A Delaware corporation may opt out of Section 203 either with an express provision in its original certificate of incorporation or in an amendment to its certificate of incorporation or bylaws approved by its stockholders. We have not opted out of Section 203. As a result, Section 203 could prohibit or delay mergers or other takeover or change in control transactions, and as a result, may discourage attempts to pursue these transactions.

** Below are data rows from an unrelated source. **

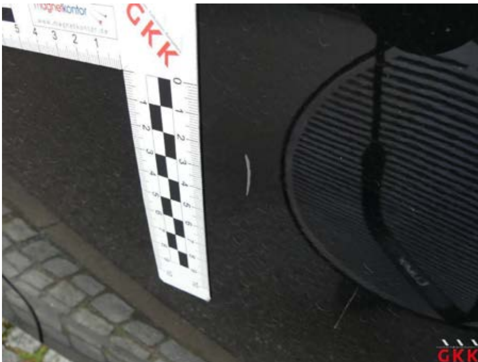
Bild 36 Tür hinten links, verkratzt, auslegen, schleifen, polieren
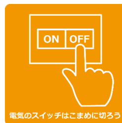
電気のスイッチはこまめに切ろう

電気代が上がってきています。パソコン等の待機電力の削減、こまめな消灯、大変暑い日が続いていますが、無駄なエアコンの OFF など、節電に努めましょう。コロナ感染も5類となり落ち着きをみせていますので、今まで感染予防のため換気重視で、ドアや窓を開放してのエアコン稼働が通常となっていました。今後は効率重視で、コロナ前に戻してドア等閉じた状態で業務にあたります。
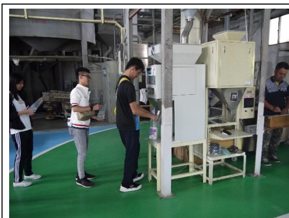
動手裝米感受收成樂趣
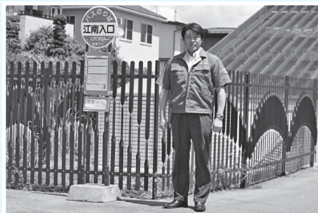
平成26年5月 地域要望等のあった箇所等の現地調査、当局へは進捗状況等について確認しながら施策の推進を求めています。
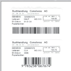
10 frei gestaltbare Wägeabläufe und Druckbilder
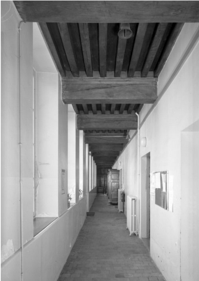
Aile gauche, couloir du rez-de-chaussée, vue prise de l'entrée 21, Seurre, 14 Grande rue du Faubourg-Saint-Georges
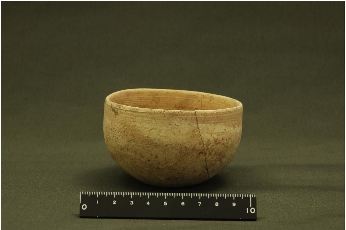
写真2 ガーネム・アル・アリ遺跡から出土した土器
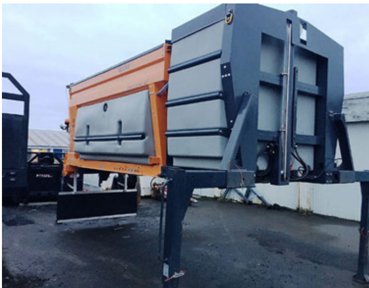
Á haustmánuðum afhenti Wendel talsvert af stórum salt- og sanddreifurum frá Epoke og fóru þeir til verktaka bæði á landsbyggðinni og á höfuðborgarsvæðinu.

„Á haustmánuðum afhentum við talsvert af stórum salt- og sanddreifurum frá Epoke og fóru þeir til verktaka bæði á landsbyggðinni og á höfuðborgarsvæðinu. Þessir dreifarar voru bæði í combi- og standard-útfærslum og nær allir með GPRS feril og aðgerðaskráningarbúnaði. Þá afhenti fyrirtækið nýjan Johnston 201C gatnasóp í nóvember síðastliðnum en hann er kominn í notkun í Hvalfjarðargöng-
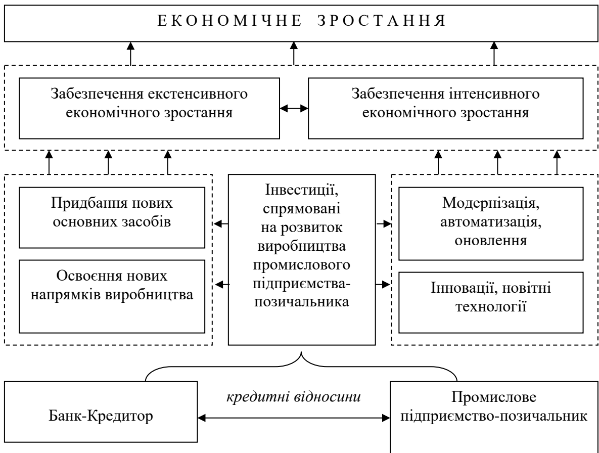
Рис. 2. Влив банківського кредитування промислових підприємств на економічне зростання

кредитування промислових підприємств здатне впливати на показники економічного зростання національної економіки, а отже, на стан макроекономічного середовища.
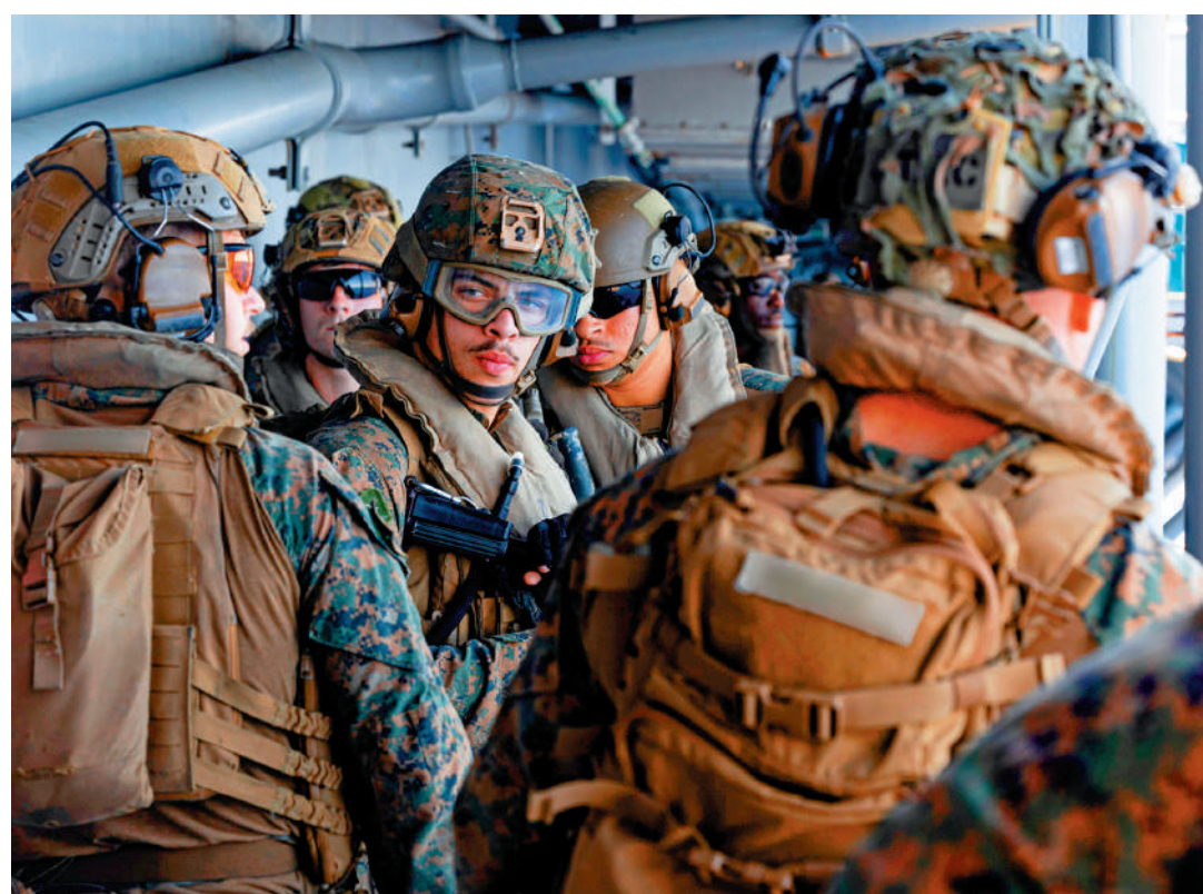
▲美軍中央司令部28日公布「的黎波里」號兩棲攻擊艦上士兵的照片。
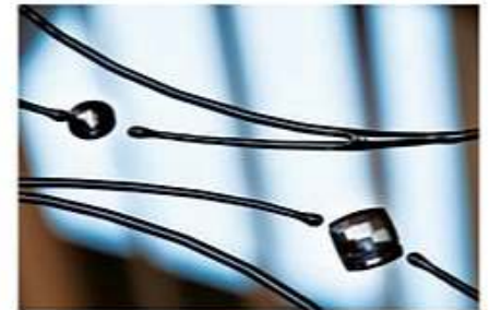
Kristal Swarovski - Новинка!
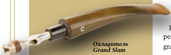
Охладитель Grand Slam крупным планом.

которой безошибочно определяется не только грейд трубки, но и примерная дата выпуска. После войны Grand Slam стали выпускать со стандартной «С».
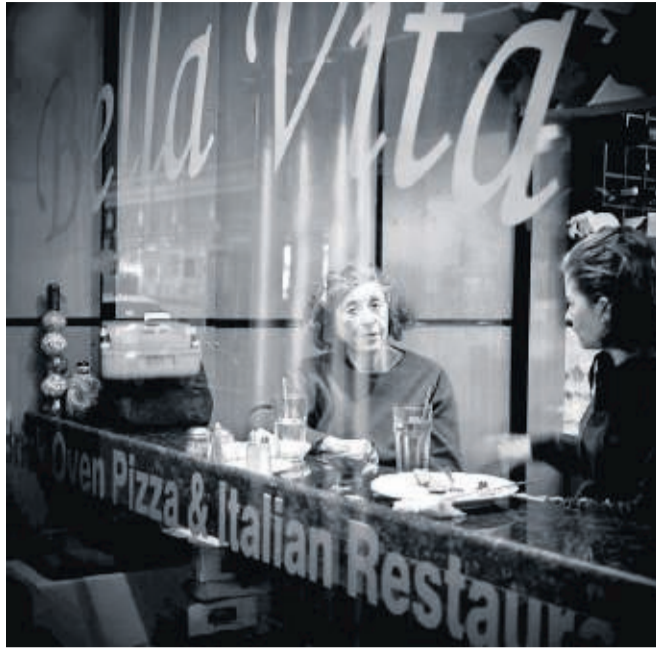
New York, 2010: 'Nét Anne Frank, als ze was blijven leven.'
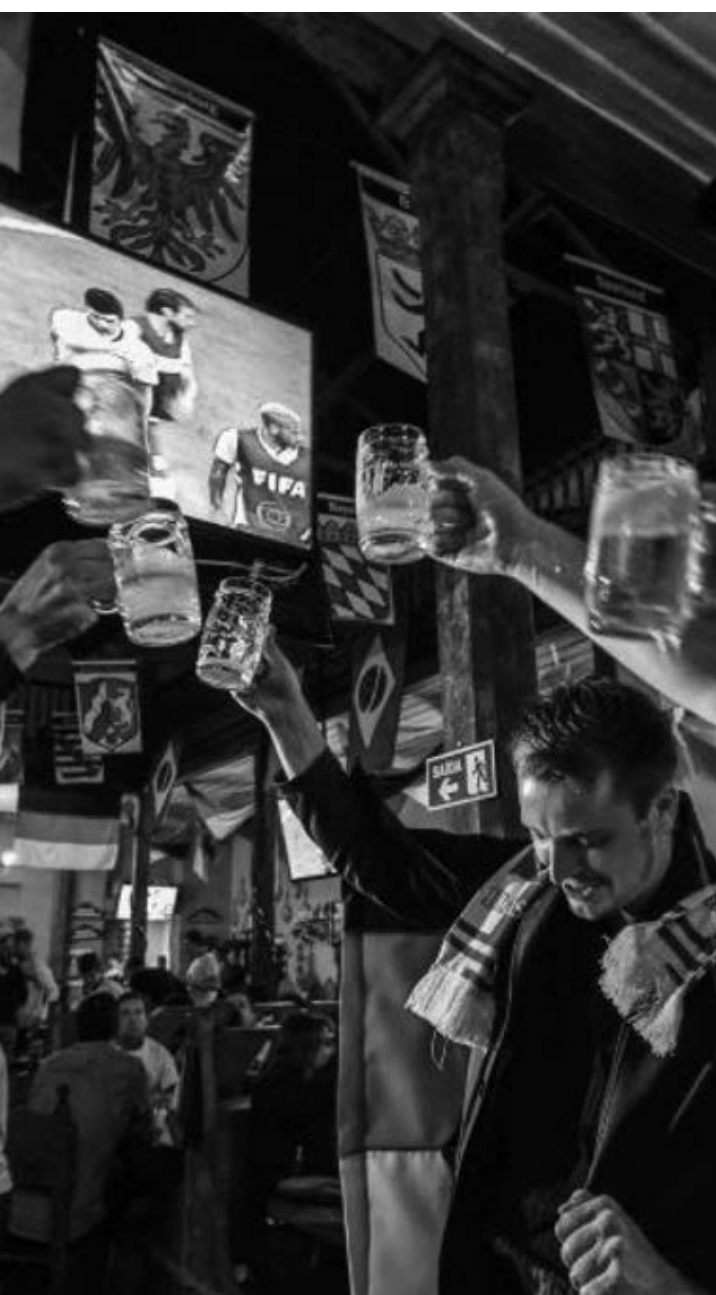
Comércio se preparou para receber consumidores
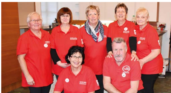
Die freiwilligen Helferinnen und Helfer des Club Miteinander Siegendorf.
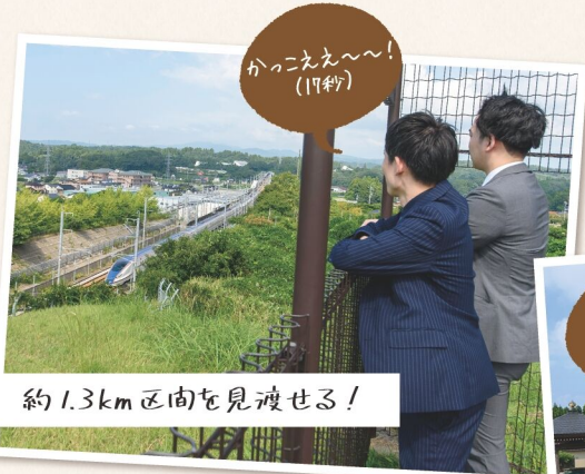
約1.3km区間を見渡せる!
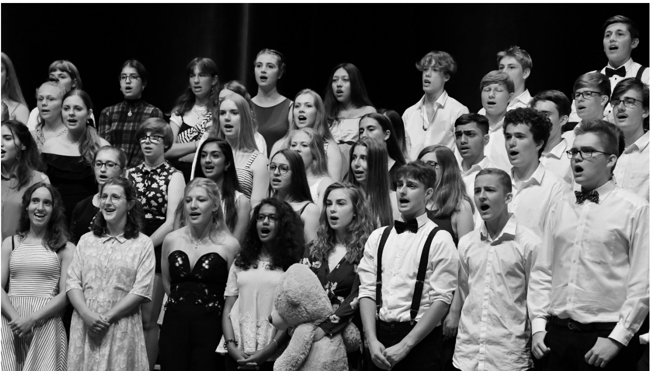
Chorkonzert der 2. Klassen 2019

Die Schülerinnen und Schüler der 2. Klassen mit dem Schwerpunktfach Musik präsentieren ein abwechslungsreiches Konzert mit einer grossen Vielfalt an Instrumenten, Stilrichtungen und Kompositionen.
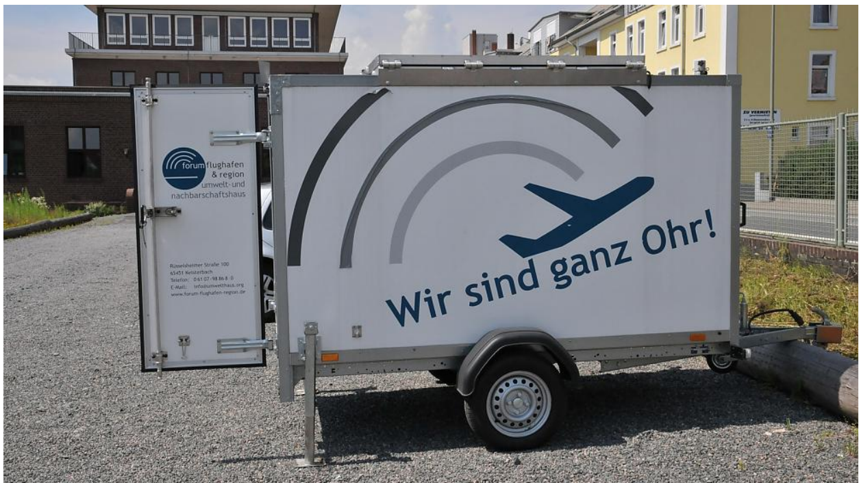
Eine der zwei mobilen Messstationen des UNH – ein mit Messequipment ausgestatteter Autoanhänger.

Wollen Sie Standort für die mobile Messstation werden? Dann nehmen Sie Kontakt ( https://www.umwelthaus.org/ueber-uns/kontakt/ ) mit uns auf.
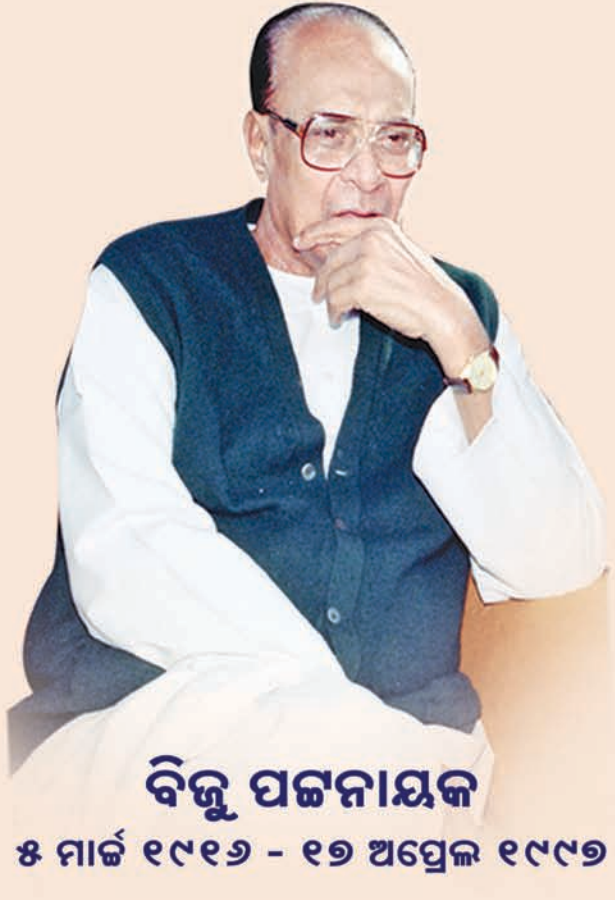
ବିଜୁ ପଟ୍ଟନାୟକ ୫ ମାର୍ଚ୍ଚ ୧୯୧୬ - ୧୭ ଅପ୍ରେଲ ୧୯୯୭
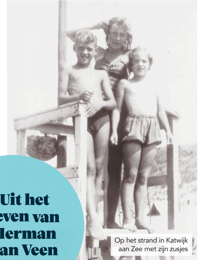
Op het strand in Katwijk aan Zee met zijn zusjes
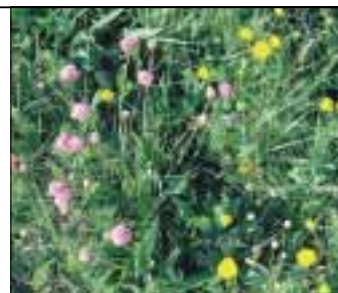
Engelskgræs og Ranunkel (smørblomst) på overdrevet om foråret

Men i 1810 besluttede de syv bønder i Nordskov at dele jorden imellem sig. De fik alle to strimler land - en sydlig og en nordlig. De syv husmænd fik en strimmel til deling. Bønderne opdyrkede jorden og lagde stenene i skellene, hvorved de mange skel blev tydelige i landskabet.
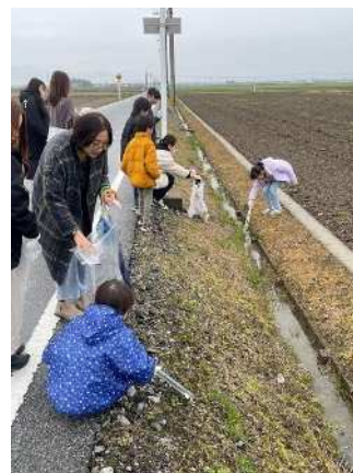
ゴミ拾い活動の様子

A：農業と自然環境、動植物との関係や、天候や山、河川などとの地理的な関係、農業環境の歴史的な経緯について、県立琵琶湖博物館やインターネットで調べ知識を深めています。また、日常の農村風景を写真に残すよう心掛けています。
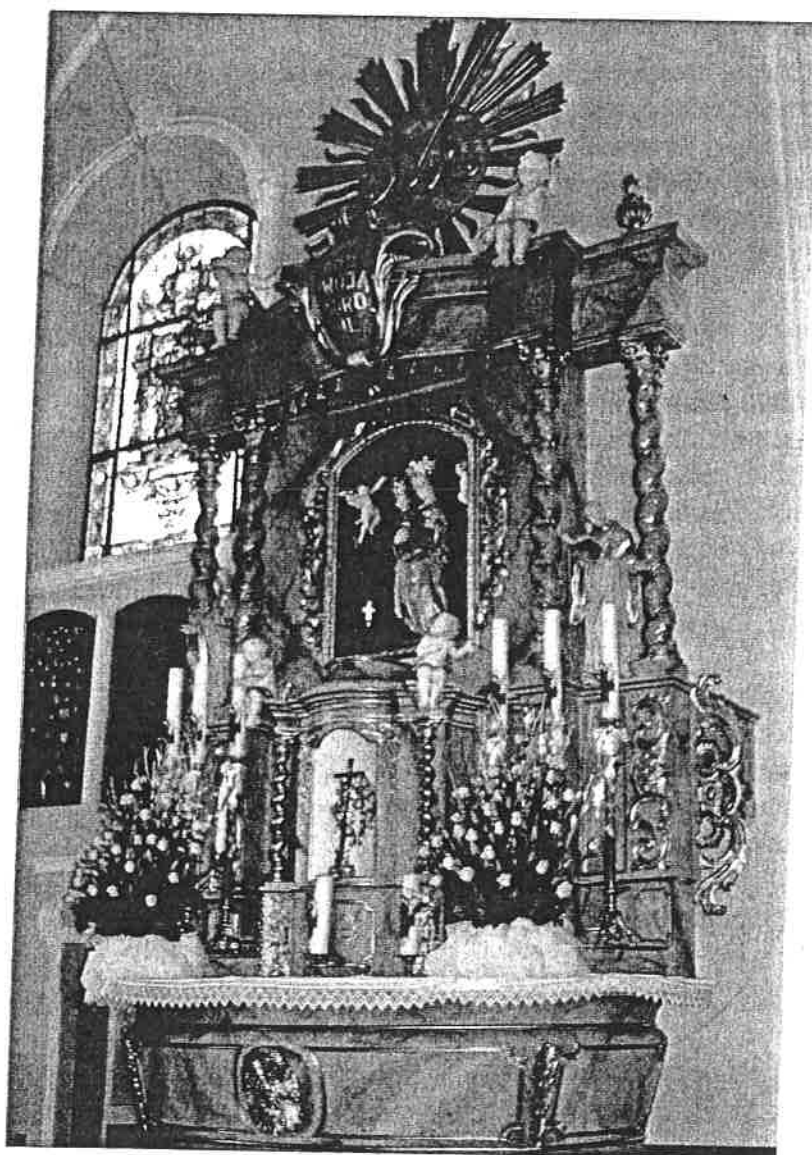
Fot.1 Ołtarz główny w kościele w Wieleniu, stan przed konserwacją.
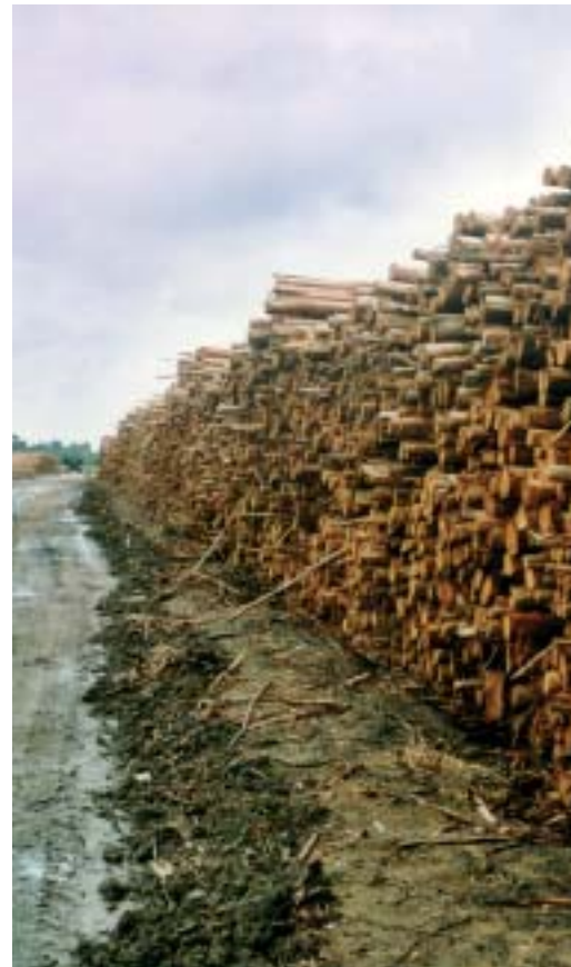
Eukalyptusholz für unser Kloppapier
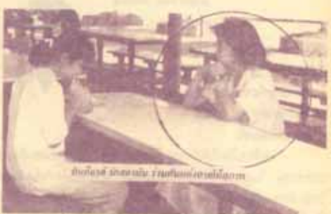
บัณฑิตวิทยาลัย มหาวิทยาลัยรามคำแหง

นักศึกษา ท่านนี้ ขอให้คิดต่อวันของสมนาคุณ ได้ที่ งานประชาสัมพันธ์ ตึก เอ.ดี. ๑ ชั้น ๒ ภายในวันที่ ๒๘ กุมภาพันธ์ ๒๕๓๓ ในรูปและวันมอบของยกย่องแก่คุณ

Limitation of Liability and Indemnification Matters
Our certificate of incorporation provides that a director of ours will not be liable to us or our stockholders for monetary damages for breach of fiduciary duty as a director, except in certain cases where liability is mandated by the DGCL. Our bylaws also provide for indemnification by us, to the fullest extent permitted by law, of any person made or threatened to be made a party to, or who is involved in, any threatened, pending or completed action, suit or proceeding, whether civil, criminal, administrative or investigative, by reason of the fact that such person is or was our director or officer, or at our request, serves or served as a director or officer of any other enterprise, against all expenses, liabilities, losses and claims actually incurred or suffered by such person in connection with the action, suit or proceeding. Our bylaws also provide that, to the extent authorized from time to time by our board of directors, we may provide indemnification to any one or more employees and other agents of ours to the extent and effect determined by our board of directors to be appropriate and authorized by the DGCL. Our bylaws also permit us to purchase and maintain insurance for the foregoing, and we currently and expect to continue to maintain such insurance. In addition, our bylaws provide that the provisions thereof are not exclusive of other rights to which any person seeking indemnification may be entitled under any agreement, vote of stockholders or disinterested directors or applicable provisions of the DGCL, and we have entered into a contract with each of our directors and officers providing for indemnification of each such person by us to the full extent authorized or permitted by law, subject to certain limited exceptions. Insofar as indemnification for liabilities arising under the Securities Act may be permitted to directors, officers or persons controlling us pursuant to the foregoing provisions, we have been informed that in the opinion of the SEC such indemnification is against public policy as expressed in the Securities Act and is therefore unenforceable.
Our common stock is listed on the Nasdaq Global Select Market and trades under the symbol “CLNE.”
Transfer Agent and Registrar
The transfer agent and registrar for our common stock is Computershare Trust Company, N.A.